● **Goal of the exercise**: Please produce a character-exact copy of the listing that follows, omitting all images.

● **Data extract**:
"""

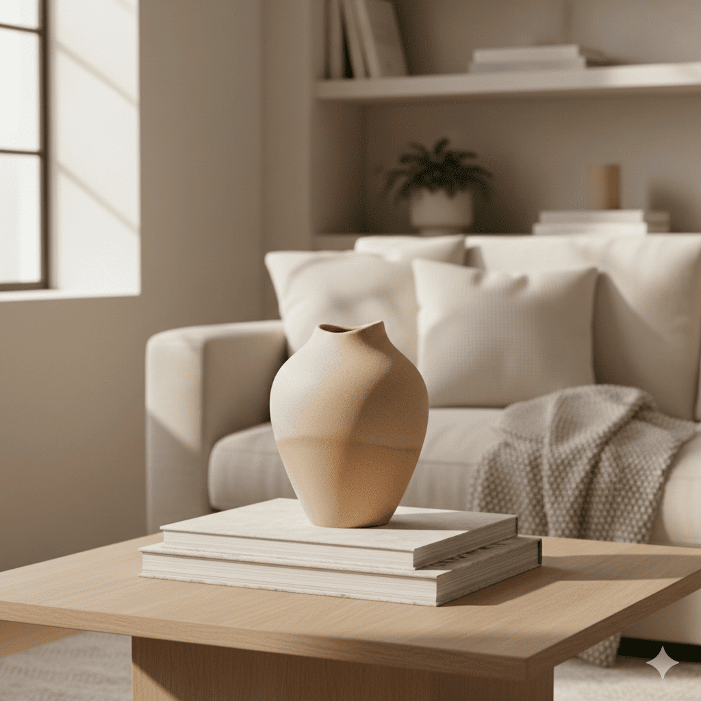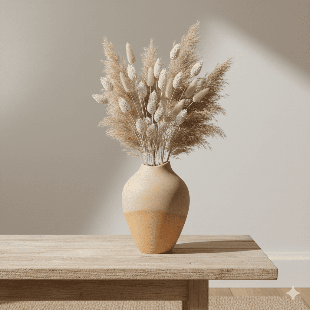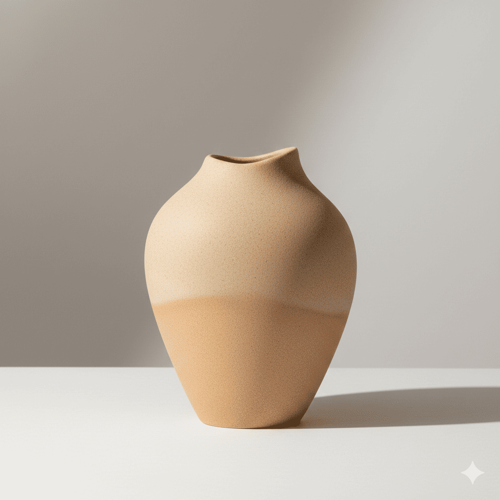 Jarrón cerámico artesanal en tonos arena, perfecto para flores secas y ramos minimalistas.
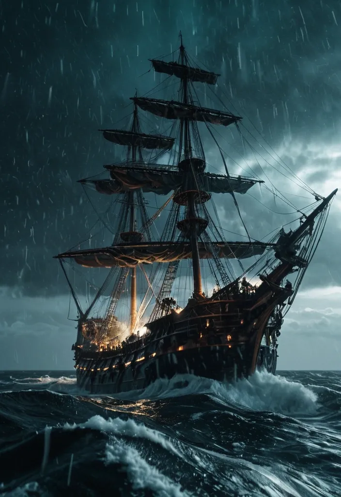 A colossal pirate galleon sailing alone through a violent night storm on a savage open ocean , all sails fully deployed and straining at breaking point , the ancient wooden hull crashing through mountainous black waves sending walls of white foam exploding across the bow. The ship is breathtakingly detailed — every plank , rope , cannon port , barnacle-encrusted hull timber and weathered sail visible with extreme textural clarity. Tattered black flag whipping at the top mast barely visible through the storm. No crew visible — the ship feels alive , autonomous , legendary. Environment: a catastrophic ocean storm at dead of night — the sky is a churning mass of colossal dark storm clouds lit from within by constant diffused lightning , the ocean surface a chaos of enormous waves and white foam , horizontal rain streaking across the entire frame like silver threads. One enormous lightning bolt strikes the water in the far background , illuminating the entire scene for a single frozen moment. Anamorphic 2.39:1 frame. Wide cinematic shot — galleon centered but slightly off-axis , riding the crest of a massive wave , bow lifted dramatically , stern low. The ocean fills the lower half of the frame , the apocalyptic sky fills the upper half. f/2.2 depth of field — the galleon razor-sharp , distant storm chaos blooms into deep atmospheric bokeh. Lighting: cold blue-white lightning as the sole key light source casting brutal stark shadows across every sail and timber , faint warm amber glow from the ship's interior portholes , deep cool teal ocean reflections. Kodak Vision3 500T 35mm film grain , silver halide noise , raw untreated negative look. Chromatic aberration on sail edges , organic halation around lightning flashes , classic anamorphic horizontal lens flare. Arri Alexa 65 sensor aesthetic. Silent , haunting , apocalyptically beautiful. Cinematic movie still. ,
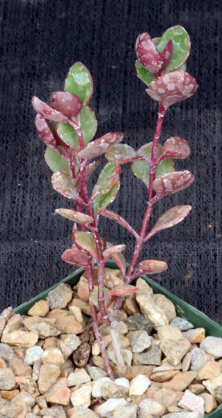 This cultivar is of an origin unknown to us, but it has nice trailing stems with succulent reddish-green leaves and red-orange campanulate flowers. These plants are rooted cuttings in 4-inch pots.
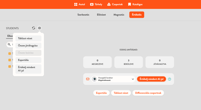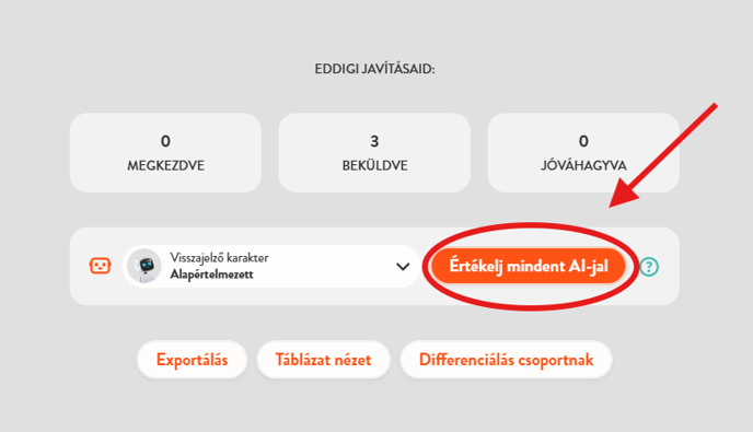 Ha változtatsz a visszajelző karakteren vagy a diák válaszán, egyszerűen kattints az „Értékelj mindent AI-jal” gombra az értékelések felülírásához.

"""

● **Reply**:
 Jarrón cerámico artesanal en tonos arena, perfecto para flores secas y ramos minimalistas.
 A colossal pirate galleon sailing alone through a violent night storm on a savage open ocean , all sails fully deployed and straining at breaking point , the ancient wooden hull crashing through mountainous black waves sending walls of white foam exploding across the bow. The ship is breathtakingly detailed — every plank , rope , cannon port , barnacle-encrusted hull timber and weathered sail visible with extreme textural clarity. Tattered black flag whipping at the top mast barely visible through the storm. No crew visible — the ship feels alive , autonomous , legendary. Environment: a catastrophic ocean storm at dead of night — the sky is a churning mass of colossal dark storm clouds lit from within by constant diffused lightning , the ocean surface a chaos of enormous waves and white foam , horizontal rain streaking across the entire frame like silver threads. One enormous lightning bolt strikes the water in the far background , illuminating the entire scene for a single frozen moment. Anamorphic 2.39:1 frame. Wide cinematic shot — galleon centered but slightly off-axis , riding the crest of a massive wave , bow lifted dramatically , stern low. The ocean fills the lower half of the frame , the apocalyptic sky fills the upper half. f/2.2 depth of field — the galleon razor-sharp , distant storm chaos blooms into deep atmospheric bokeh. Lighting: cold blue-white lightning as the sole key light source casting brutal stark shadows across every sail and timber , faint warm amber glow from the ship's interior portholes , deep cool teal ocean reflections. Kodak Vision3 500T 35mm film grain , silver halide noise , raw untreated negative look. Chromatic aberration on sail edges , organic halation around lightning flashes , classic anamorphic horizontal lens flare. Arri Alexa 65 sensor aesthetic. Silent , haunting , apocalyptically beautiful. Cinematic movie still. ,
 This cultivar is of an origin unknown to us, but it has nice trailing stems with succulent reddish-green leaves and red-orange campanulate flowers. These plants are rooted cuttings in 4-inch pots.
 Ha változtatsz a visszajelző karakteren vagy a diák válaszán, egyszerűen kattints az „Értékelj mindent AI-jal” gombra az értékelések felülírásához.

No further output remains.